Шрифт:
Это не только мое мнение, но на этом сходятся пес, кто занимается историей Великой Отечественной войны, - ее очевидцы, историографы, что зима 1941 года, когда развернулась битва под Москвой, и осень 1942 года, когда фашисты прорвались к Сталинграду, Орлово-Курская операция, явились решающими моментами, поворотными пунктами не только событий на советско-германском фронте, но и всего хода второй мировой войны.
Недалеко от нашего тылового аэродрома проходила линия железной дороги и, поднявшись в небо с очередным курсантом, я видел, как один за другим стремительно мчались на запад эшелоны с уральскими танками и пушками, сибирской пехотой. Тихо катились навстречу им скорбные санитарные поезда, стучали на стыках составы с металлическим ломом войны - искоряженные огнем, бомбами и снарядами танки, обшивки самолетов, стволы и лафеты пушек - все, что можно было отправить в жадное горло мартенов, переплавить на сталь и снова воплотить в грозное оружие войны.

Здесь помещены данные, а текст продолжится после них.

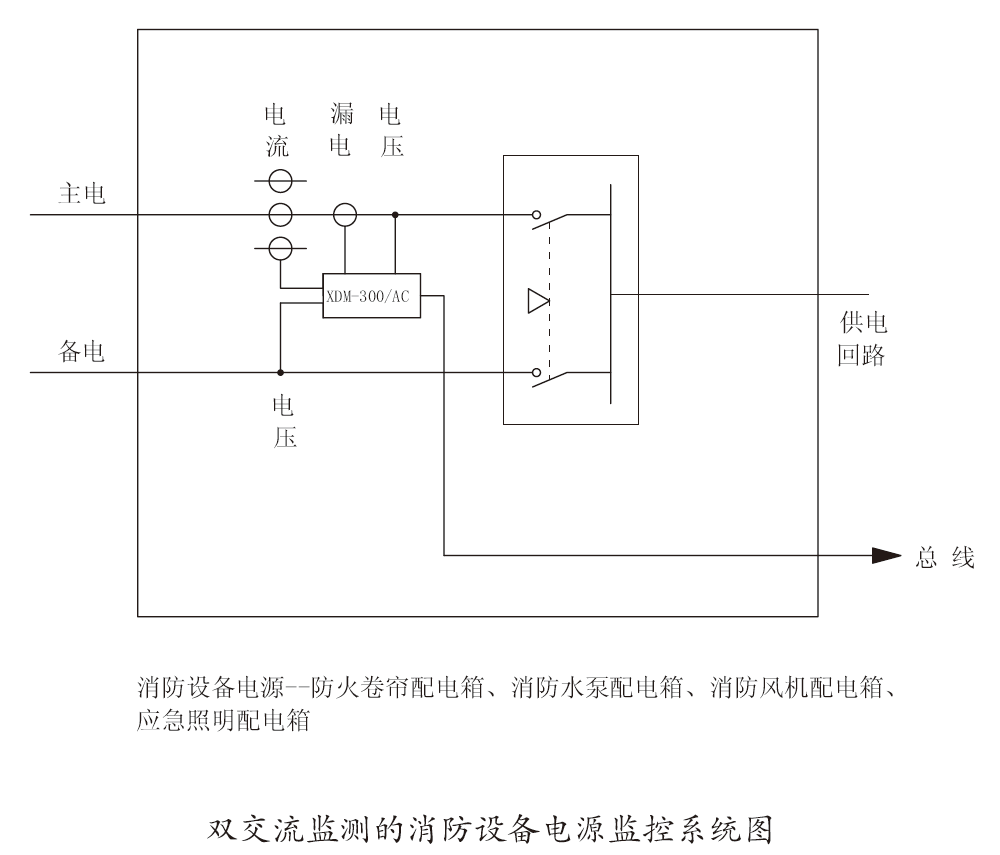消防設備電源監控系統用于一般工業與民用建筑中AC220V/380V配電線路中安裝的消防設備電源的在線監控,當消防設備電源發生過壓、欠壓、過流、漏電、缺相等故障時監控系統能立即發出報警信號,可及早發現問題從而避免各種事故的發生。
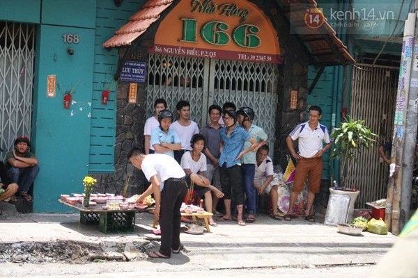 Ông chủ nhà hàng (số 166, đường Nguyễn Biểu, P.2, Q.5, TP.HCM) đang chuẩn bị cho buổi cúng cô hồn của gia đình. Dưới sự "canh phòng" nghiêm ngặt của nhiều "cô hồn sống".
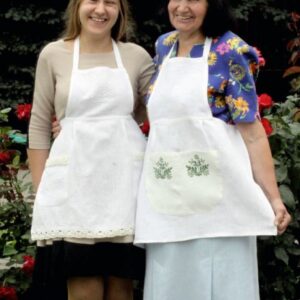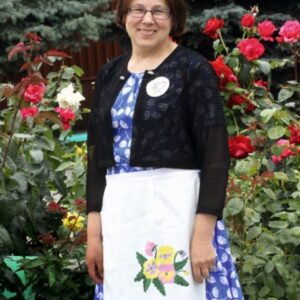 Dalyvauti respublikinėje tradicinio siuvinėjimo stovykloje „Žaliasis laumžirgis“ buvo didžiausia Aleksandros Stasytienės iš Utenos svajonė. Tiesa, siuvinėjimas nėra didelė jos aistra: Aleksandra – sertifikuotų tautinio paveldo produktų amatininkė, verčiasi senaisiais amatais – augalininkyste, žolininkyste, gamtos gėrybių rinkimu, maisto gaminimu. Ji domisi ir audimu, rengia edukacines pamokas, kuriose pristato vieną iš katalikų sakramentalijų – škaplierių. A. Stasytienė savo prijuostę išpuošė peltakių juostelėmis, virvele ir pilnaviduriu siuvinėjimu mėlynai išsiuvinėjo gėlių žiedus.
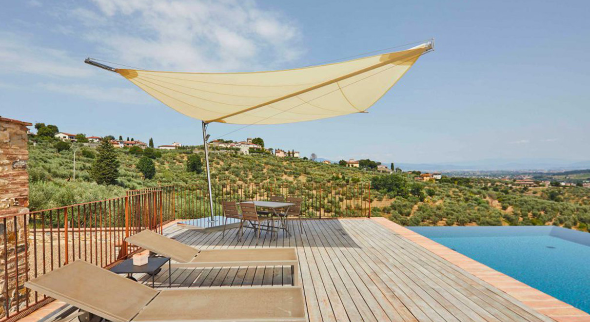 戶外獨立式飛翼簾 單幅最大尺寸: 7000x7000mm Kheope 13 單幅最大尺寸: 9200x9200mm 需四個支撐點
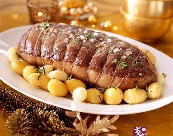و من ثم تجهز صينية عميقه للفرن و يوضع بها روستو اللحم
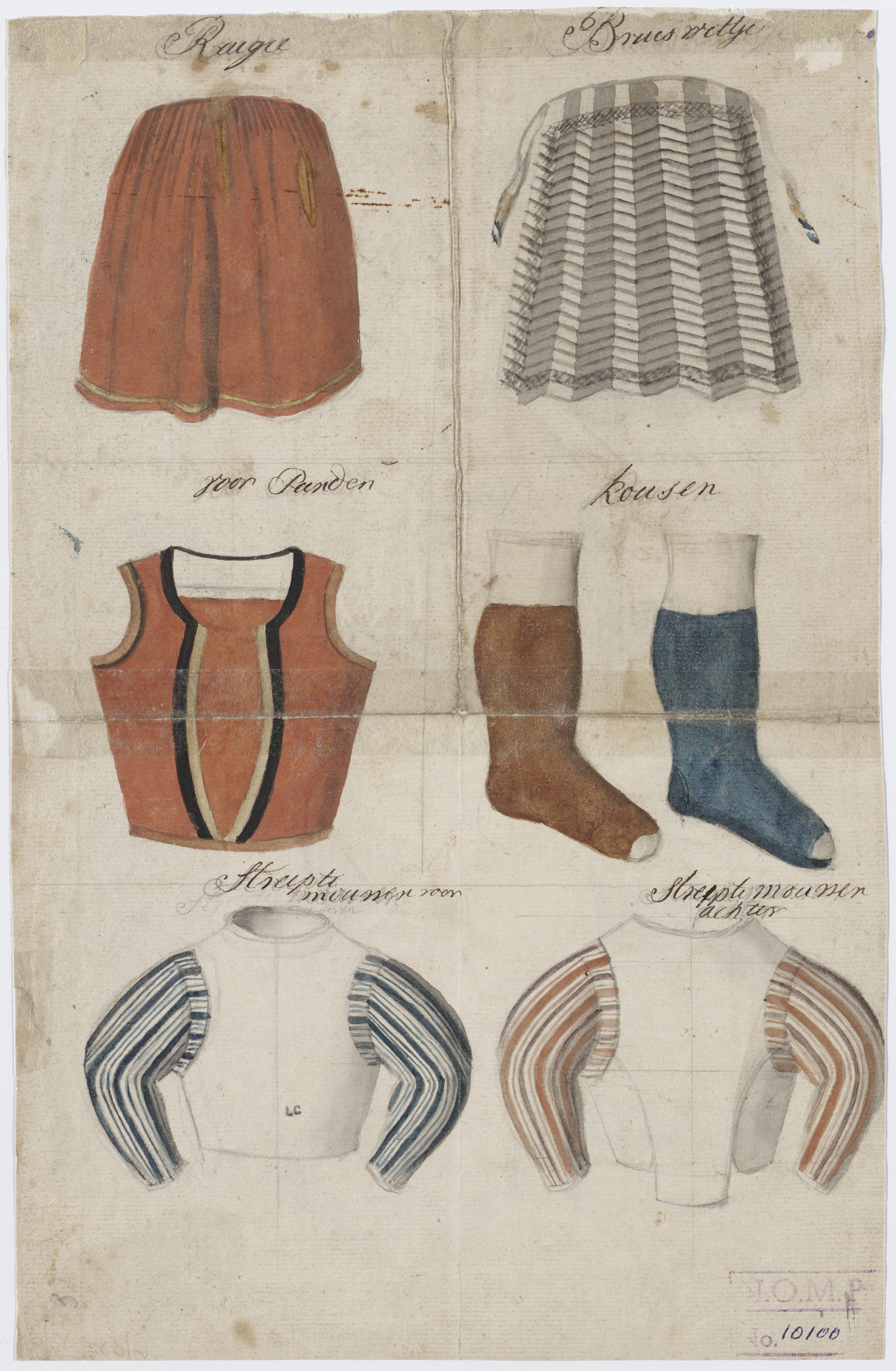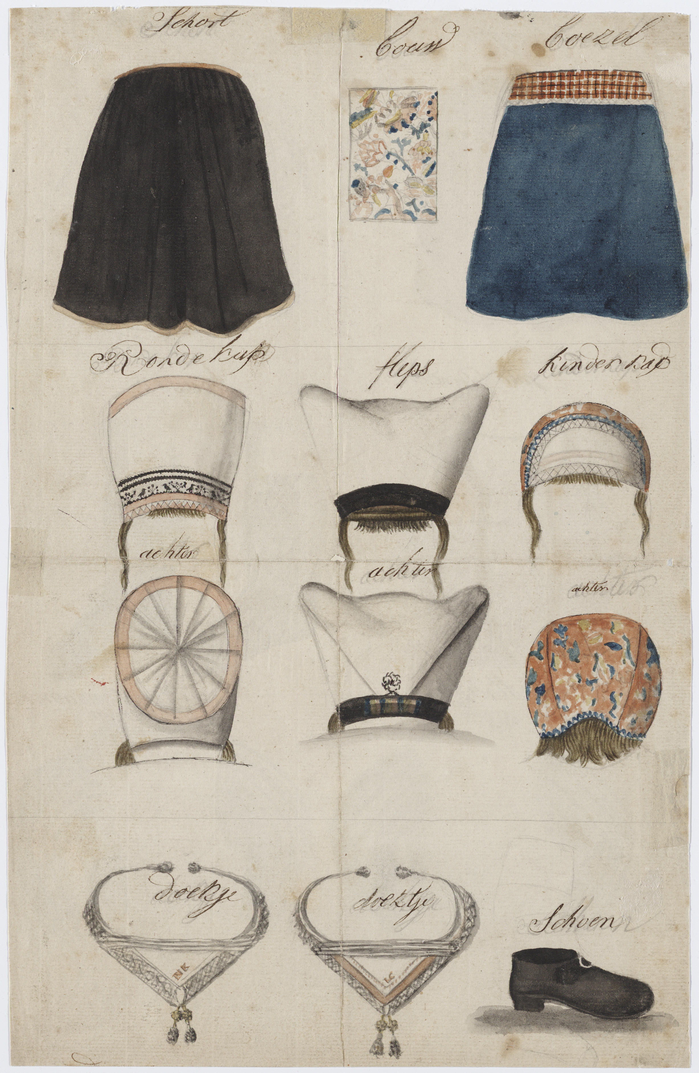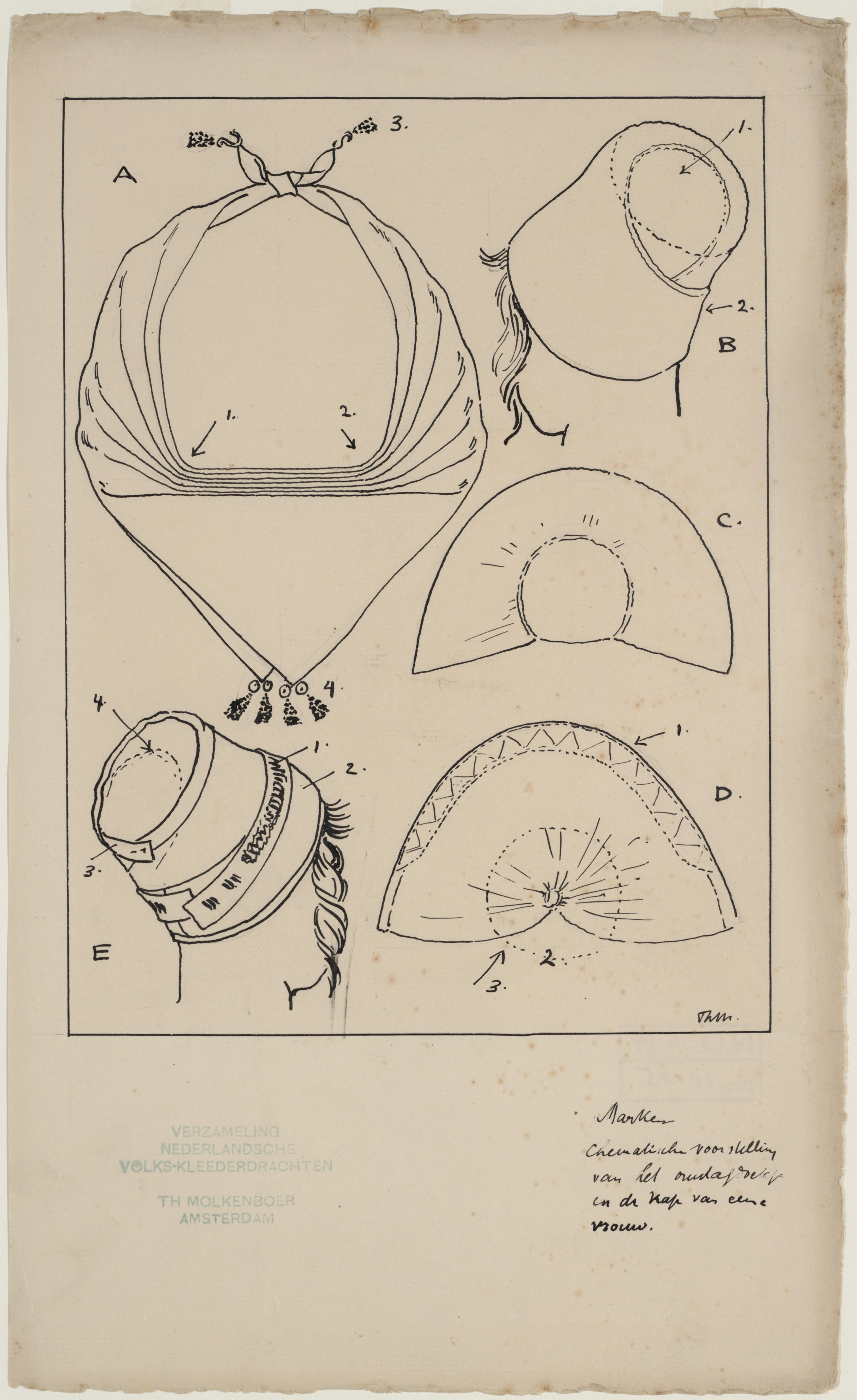 Tekening van halsdoekje en muts Marker vrouwendracht...

Сталинград вверг в траур всю фашистскую Германию, заставил думать сателлитов Гитлера, оглядываться и прикидывать, как бы не угодить на виселицу вместе с "бесноватым". Красная Армия уверенно шла на запад.
А мы все летали в безоблачном небе над полигонами далекого тылового авиационного училища, бомбили макеты танков, огневые позиции "вражеской" артиллерии, учили курсантов отбивать атаки истребителей "противника".
У меня были все данные, чтобы попасть в действующую армию: опыт пилота, навыки работать с людьми, наконец, желание сражаться. Верил, что на фронте не спасую, смогу воевать не хуже, а, может, даже лучше некоторых других. Но, как и многим товарищам, командование отвечало: "Вы нужны здесь, в тылу, чтобы готовить резервы для фронта".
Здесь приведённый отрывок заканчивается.